MAXXI Classique
Programmation musicale
Vendredi 13 novembre 2020
3 min

La Polonaise Héroïque de Chopin dans Yoga d’Emmanuel Carrère

Max Dozolme consacre son Maxxi Classique du jour à un ouvrage dont on a beaucoup parlé depuis sa sortie à la rentrée : "Yoga" d’Emmanuel Carrère, un récit dans lequel s’invite Frédéric Chopin.

La Polonaise Héroïque de Chopin dans Yoga d’Emmanuel Carrère
Yoga, Emmanuel Carrère , © P.O.L

Yoga, le récit autobiographique d'un auteur mélomane

Emmanuel Carrère n’est pas musicien, il n’a jamais appris d’instrument pourtant c'est un véritable mélomane !

Dans Yoga, son dernier ouvrage, on trouve justement un passage dans lequel Emmanuel Carrère décrit de manière très poétique la Polonaise Héroïque d’un compositeur qu’il affectionne particulièrement : Frédéric Chopin ! Cette oeuvre, il l'a redécouverte, écrit-il, lors d’une soirée passée en compagnie d'une femme sur l’île de Léros, en Grèce.

Erica, américaine d’une soixantaine d’année organise des ateliers d’écritures dans un centre de migrants. Emmanuel Carrère travaille avec elle à ces ateliers et une amitié se crée entre eux. Un soir, Frederica organise une soirée chez elle, ils boivent beaucoup et dansent tous les deux sur une musique qu’ils écoutent en boucle :  la Polonaise Héroïque de Chopin jouée par Vladimir Horowitz.

Une interprétation dont Emmanuel Carrère dit ce qui suit : « La Polonaise héroïque, avec son incroyable puissance rythmique, ses somptueux crescendo d’octaves, les retours à chaque fois plus grandiose du thème principal, le premier intermède qui est une espèce de chevauchée fantastique et le second qui ressemble à une guirlande gracieusement déroulée, du pur Chopin, en apesanteur, magique ! »

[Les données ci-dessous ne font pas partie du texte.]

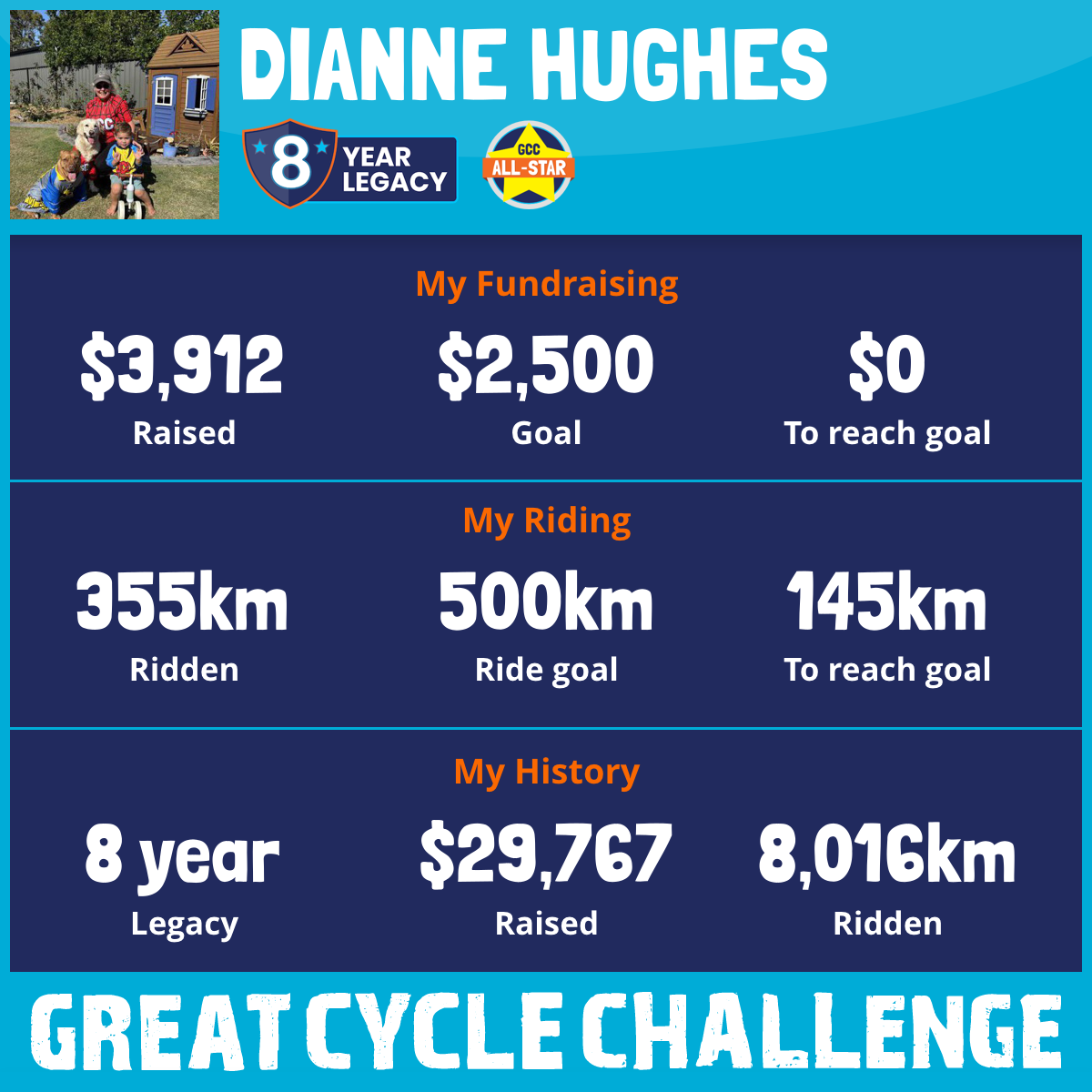 And so I am riding and raising funds to support the Children's Medical Research Institute to continue their work into the prevention, diagnosis, treatment and finding a cure for childhood cancer.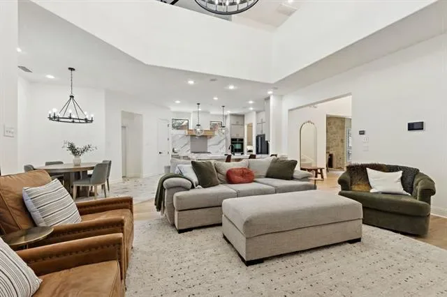 Welcome to 2157 Lookout Court, a beautifully updated magazine-worthy home tucked away in a peaceful cul-de-sac. Prime location in Birdville ISD and ideally situated close to dining, shopping, and entertainment. This open and airy home offers more than 4000 square feet that epitomizes a welcoming, cozy and elegant home. With three generous living areas—including a theater room—two dining spaces, and vaulted ceilings throughout both floors, this home is perfect for both everyday comfort and entertaining. The home contains custom stone fireplaces, a multi-room Heos audio system, Pottery Barn fixtures, engineered hardwood floors, and a stunning kitchen equipped with custom cabinetry and sleek countertops on oversized islands that opens seamlessly to the downstairs living area. Each of the four bedrooms includes its own en-suite bathroom, providing privacy and convenience for family and guests. The primary suite is a true retreat, complete with a luxurious bath and walk-in closet. Step outside to enjoy your private backyard oasis complete with a sparkling resort style pool and spa ideal for relaxing, hosting gatherings, or watch the sunset over the local park from either the downstairs or upstairs patio. This home has been fully renovated with designer lighting, fresh paint, updated flooring, and stylish finishes throughout. Located just minutes from shopping, dining, and major highways, this move-in-ready home is a rare gem in a prime location. Don’t miss your chance—schedule your showing today!

Un chapitre nommé d'après la pianiste Martha Argerich

Un peu plus loin dans Yoga, un chapitre s'intitule Martha, Martha avec un H, comme Martha Argerich. Dans ce passage, Emmanuel Carrère raconte qu’Erica lui a envoyé par mail le lien d’une vidéo YouTube où il est écrit « 5’30 »… S’ensuit alors une description précise, minute par minute ce qu’il entend et ce qu’il voit sur cette vidéo : un film en noir et blanc où Martha Argerich joue cette même polonaise ! Dans ce passage nous sommes comme dans la tête de l’écrivain. A 4’30 par exemple Emmanuel Carrère évoque une petite note jouée « très haut dans le ciel »

Puis l'on parvient à cette cinquième minute et trente secondes à laquelle Martha Argerich réexpose le thème principal de la polonaise en esquissant un sourire ! Un sourire qu'Emmanuel Carrère décrit comme une épiphanie : « Il dure exactement cinq secondes, de 5’30 à 5’35, mais pendant ces cinq secondes on a entrevu le paradis. Elle y a été, elle, cinq secondes mais cinq secondes suffisent, en la regardant on y a accès. Par procuration mais accès. On sait qu’il existe ! » 

Emmanuel Carrère nous invite donc, grâce à ses indications temporelles précises à nous mettre dans sa peau. Il nous invite à écouter comme lui Martha Argerich et à voir comme lui son sourire tel qu'il l'a vu. Il nous invite en somme à vivre une expérience étrange entre fiction et réalité.